Engineering of TMDC-OSC hybrid interfaces: the thermodynamics of unitary and mixed acene monolayers on MoS2

Abstract

Hybrid systems of two-dimensional (2D) materials such as transition metal dichalcogenides (TMDCs) and organic semiconductors (OSCs) have become subject of great interest for future device architectures. Although OSC-TMDC hybrid systems have been used in first device demonstrations, the precise preparation of ultra-thin OSC films on TMDCs has not been addressed. Due to the weak van der Waals interaction between TMDCs and OSCs, this requires precise knowledge of the thermodynamics at hand. Here, we use temperature-programmed desorption (TPD) and Monte Carlo (MC) simulations of TPD traces to characterize the desorption kinetics of pentacene (PEN) and perfluoropentacene (PFP) on MoS₂ as a model system for OSCs on TMDCs. We show that the monolayers of PEN and PFP are thermally stabilized compared to their multilayers, which allows preparation of nominal monolayers by selective desorption of multilayers. This stabilization is, however, caused by entropy due to a high molecular mobility rather than an enhanced molecule-substrate bond. Consequently, the nominal monolayers are not densely packed films. Molecular mobility can be suppressed in mixed monolayers of PEN and PFP that, due to intermolecular attraction, form highly ordered films as shown by scanning tunneling microscopy. Although this reduces the entropic stabilization, the intermolecular attraction further stabilizes mixed films.

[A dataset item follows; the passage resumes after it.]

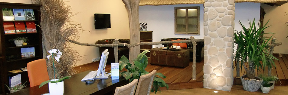 Schon der Besuch unseres Reisebüros ist ein Erlebnis. Wir haben uns für eine besondere Art der Einrichtung entschieden. Der erste Blick in die hellen, großen Räume ist sehr beeindruckend. Leise Hintergrundmusik, geschmackvolles, südländisches Ambiente, hier und da einige afrikanische Dekorationen, mediterrane Impressionen auf Leinwand sowie Möbel im Kolonialstil.
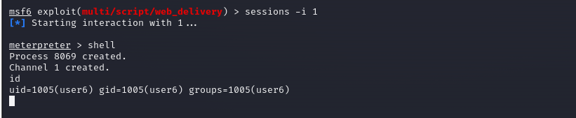 使用cmd进行传参,返回kali中弹回了一个session,直接连接这个session得到shell

Fig. 1. Temperature-dependent C 1s-NEXAFS spectra (φ = 55°) of (a) PEN and (b) PFP films on MoS₂ (initial film thickness 0.5 nm; green spectra: multilayers on SiO₂ with nominal thickness of 30 nm recorded at 300 K). The dashed lines mark the C 1s absorption edges. Panels (c) and (d) show C 1s-NEXAFS dichroism measurements of the PEN and PFP films, respectively, after annealing to 410 K.

Fig. 2. Series of TPD traces for different film thicknesses of (a) PEN and (b) PFP on MoS₂. The nominal monolayers are marked with bold lines. Panels (c) and (d) depict monolayer traces of PEN and PFP, respectively, prepared with three different methods: (i) deposition of 3 Å (nominal monolayer) at 270 K, (ii) deposition of 8 Å at elevated temperature (PEN: 390 K; PFP: 400 K) and (iii) deposition of 8 Å at 270 K and subsequent annealing for 1 min (PEN: 390 K; PFP: 400 K), dashed lines indicate the desorbing multilayers upon annealing. Afterwards, the sample is cooled to 270 K and then heated again to record the TPD trace (solid line).

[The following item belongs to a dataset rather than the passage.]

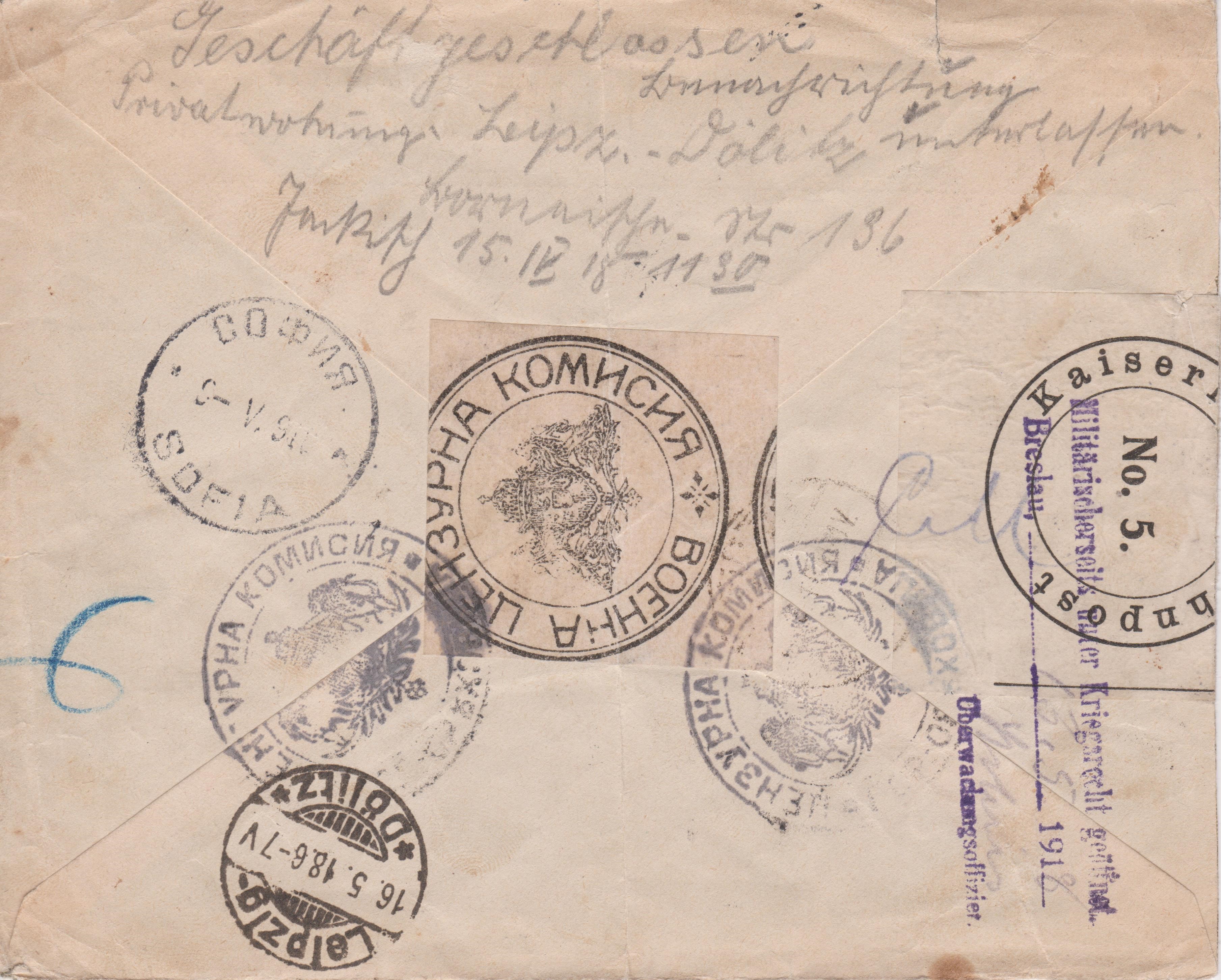 Der Beleg wurde in Breslau laut rückseitigem violettem Stempel oben "Militärischerseits unter Kriegsrecht geöffnet. Breslau 13.5.1918 Überwachungsoffizier" und mit einem Klebezettel "Kaiserliche Bahnpost No. 5." wieder verschlossen. Das in Breslau stationierte Bahnpostamt No. 5 war zuständig für die nach Deutschland führende Bahnstrecke Oderberg-Breslau des Balkanzugs.

Fig. 3. (a) and (b) TPD traces of PEN and PFP, respectively, on MoS₂ for different initial (sub-) monolayer coverages Θ₀. (c) and (d) MC simulations of TPD traces for PEN, respectively, for the same initial coverages as in (a) and (b). The inset shows the intermolecular interaction energy V as a function of the coverage Θ for PEN (blue) and PFP (green) obtained from the MC TPD simulations (circles) with exponential fits (lines). (e) and (f) Coverage-dependent desorption energies E_d (black) and pre-exponential factors ν (red) of PEN and PFP, respectively, on MoS₂.

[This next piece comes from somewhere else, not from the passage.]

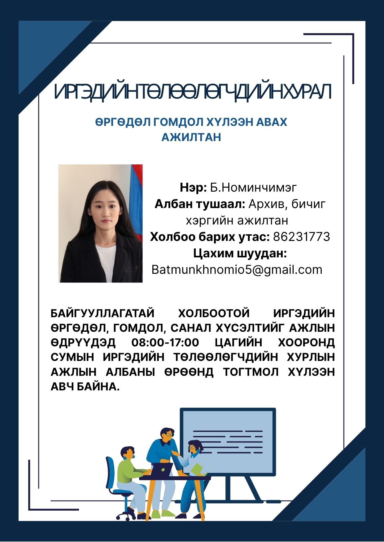 БАЙГУУЛЛАГАТАЙ ХОЛБООТОЙ ИРГЭДИЙН ӨРГӨДӨЛ, ГОМДОЛ, САНАЛ ХҮСЭЛТИЙГ АЖЛЫН ӨДРҮҮДЭД 08:00-17:00 ЦАГИЙН ХООРОНД СУМЫН ИРГЭДИЙН ТӨЛӨӨЛӨГЧДИЙН ХУРЛЫН АЖЛЫН АЛБАНЫ ӨРӨӨНД ТОГТМОЛ ХҮЛЭЭН АВЧ БАЙНА.

Fig. 4. (a) Quasi-simultaneously recorded TPD traces of 0.6 ML PEN and 0.8 ML PFP in a mixed film (filled traces) and unitary films of 0.4 ML PEN (blue line) and 0.7 ML PFP (green line) on MoS₂. (b) Simulated TPD traces of a randomized mixture of 0.5 ML PEN and 0.5 ML PFP (dots), 0.5 ML PEN (blue line) and 0.5 ML PFP (green line). (c) STM micrograph (−2.5 V, 250 pA, 110 K) of an intermixed monolayer of PEN and PFP on MoS₂ with a linescan. The inset illustrates the alternating molecular structure. The substrate azimuth was determined from low-energy electron diffraction. (d) Illustration of the intermixed monolayer. (e) STM micrograph (−3.76 V, 120 pA, 110 K) of 8 Å PEN on MoS₂ after annealing to 390 K for 1 min. (f) Illustration of a highly mobile (sub-) monolayer of PEN.

Fig. 5. Illustration of electrostatic intermolecular interactions of PEN in a multilayer film with a herringbone packing motif (a), in a (sub-) monolayer film of PEN (b) and a mixed (sub-) monolayer film of PEN and PFP (c), shown in a side view along the long molecular axis. The molecular quadrupole moments are indicated by negative (blue) and positive (orange) point charges.